穏やかと癒し・・・ときどき、あい・・・
「おー久しぶり、ああ~元気・・・変わったこと?変わったことあるよ。入籍した」

と、土曜日の夜に孝徳のスマホが鳴って応答している。

相手は誰だろう?

「・・・わりぃ、まだ一週間も経ってない。家族か会社の人しかまだ知らない・・・ああ、そうだよ。咲希だよ」

私を知ってる人?

「わかった。今日?今から?ちょっと聞いてからまた連絡する・・・わかってるよ。ああ、わかってる」

孝徳は通話を終了した。

スマホを持ってソファーに戻ってきた。

私は首を傾げて、聞いた。

「誰だったの?」

「竜二」

「竜二さん?」

「これからご飯行こうって、どうする?」 

「孝徳もまだ言ってなかったんだ。

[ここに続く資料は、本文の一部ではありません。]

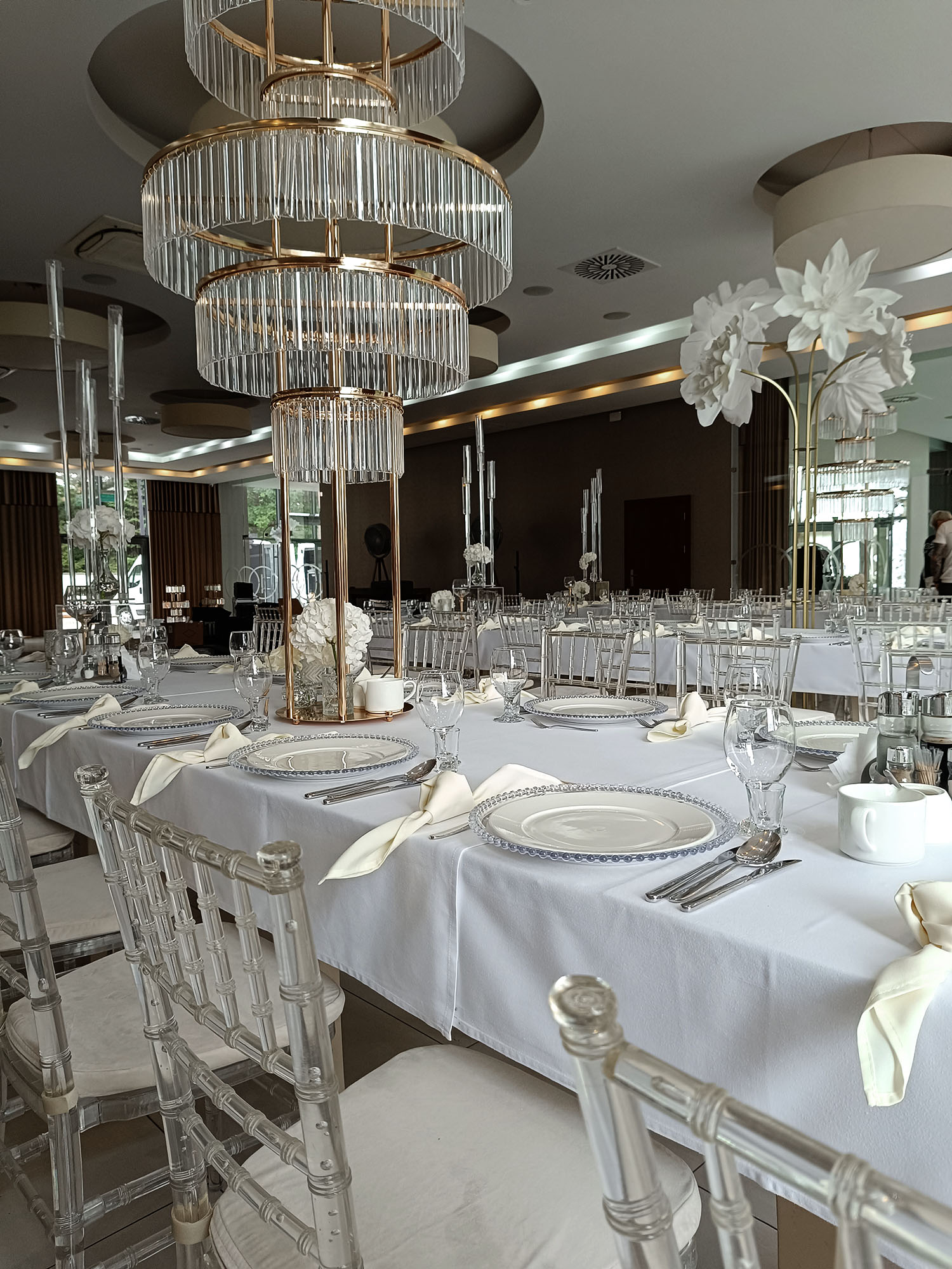 Uniwersalny transparentny podtalerz z dekoracyjnymi kulkami, który pasuje do praktycznie każdego stylu — klasycznego, nowoczesnego, glamour, czy boho. Podkreśla zastawę, nie przytłaczając dekoracji.

私もまだ加奈子にしか言ってない」

「竜二だけじゃなくて、誰にも言ってないんだ。で、どうする?」

「行く。麻里子も来るでしょう?」

「多分」

「じゃ直接報告したいし行きたい」

でも孝徳が乗り気じゃない・・・

「もしかして、麻里子に報告するの躊躇ってる?」

孝徳の初恋の人。

「違うよ。そんなんじゃないよ。ただ・・・」

と、なんか言いたげだけど、はっきり言わない。

「孝徳だけで行ってくる?」

「なんで?」

「だって、私がいない方がいいのかと思って・・・」

「そんなことない。そんなことないよ。ただ竜二が余計なこと言いそうでイヤなだけ」

「余計なこと?」

「なんでもないよ。じゃ連絡するから、着替えておいで」

「はーい」

私は孝徳が『余計なこと』と、言ったこともすっかり忘れ着替えにいった。